Additional: I should have mentioned earlier, in addition to the 3 operators, the numberpad of the calculator can be used so yes 1 can be used.
On
J.D. and N. S. have shown how to do it if a constant $1$ is allowed. Here's a proof that it can't be done if only $A$ and $B$ can be entered, no constants.
We can show by structural induction that all expressions we can generate change sign if both $A$ and $B$ change sign.
Base case: The two atomic expressions $A$ and $B$ change sign when both $A$ and $B$ change sign.
Induction step: $x+y$ changes sign when both $x$ and $y$ change sign, $x-y$ changes sign when both $x$ and $y$ change sign, and $x^{-1}$ changes sign when $x$ changes sign.
Since $AB$ doesn't change sign when both $A$ and $B$ change sign, it follows that it can't be generated from $A$ and $B$ using only these operations.

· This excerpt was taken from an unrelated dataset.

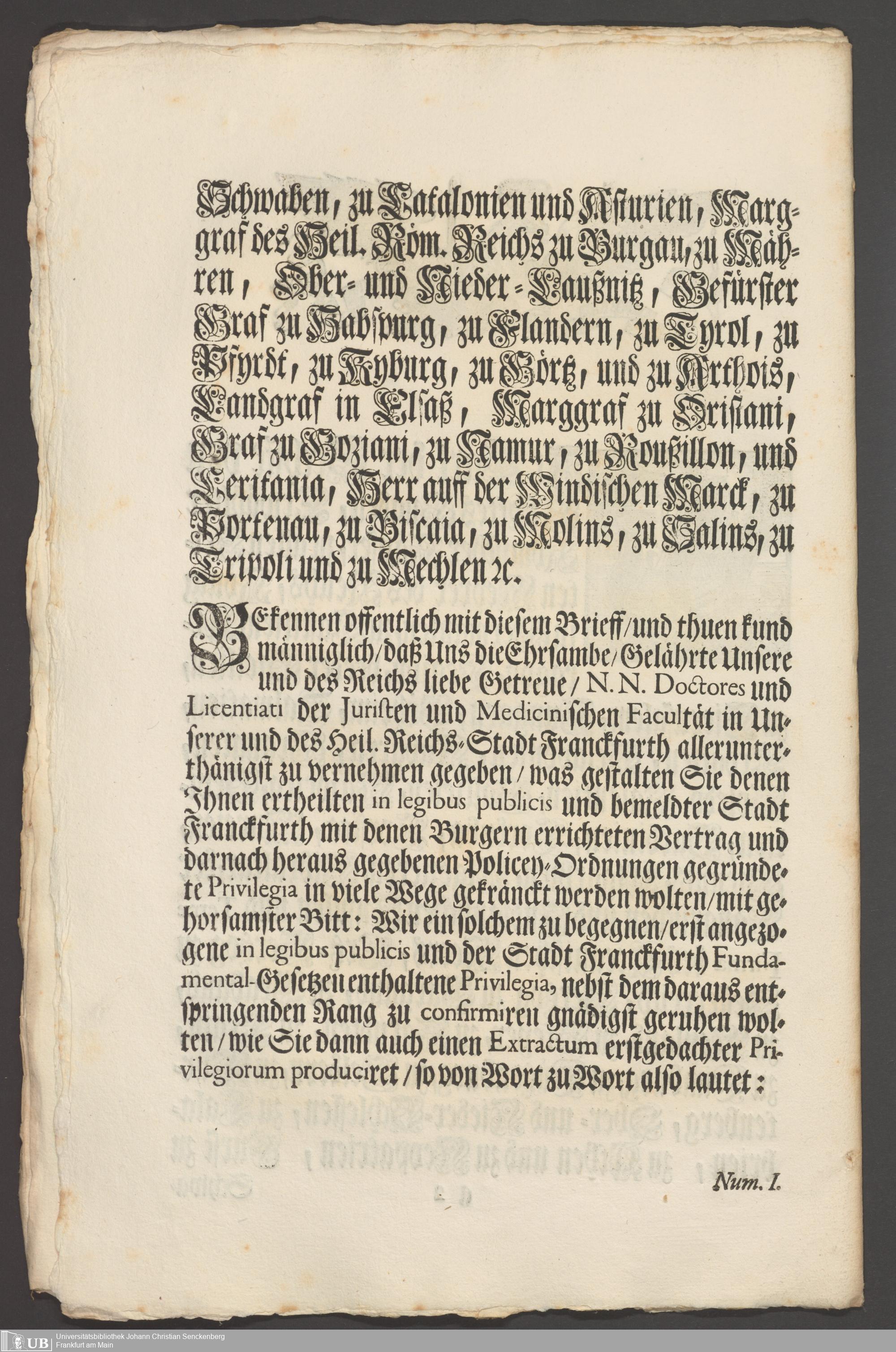 B 5 Dr. Senckenbergische Stiftung, 267 - Abdruck der Privilegien für Juristen und Mediziner in Frankfurt

Edit: previous answer was wrong. Posted new answer. Hopefully right this time
We can compute and store $A^2$ using $$ \frac{1}{A} - \frac{1}{A+1} = \frac{1}{A^2 + A} $$ We can extract $A^2$ using only $+, -, ^{-1}.$ Similarly we can compute and store $B^2.$
Then
$$\frac{1}{A+B-1} - \frac{1}{A+B} = \frac{1}{(A+B)(A+B-1)} = \frac{1}{A^2 + B^2 + 2AB - A - B} $$
where we can extract $2AB,$ again, using only $+, -, ^{-1}$ and the values for $A^2, B^2$ we computed in step $1$ above.
Thanks to joriki, now to get $AB$ from $2AB$, add $\frac{1}{2AB} + \frac{1}{2AB},$ and take the reciprocal.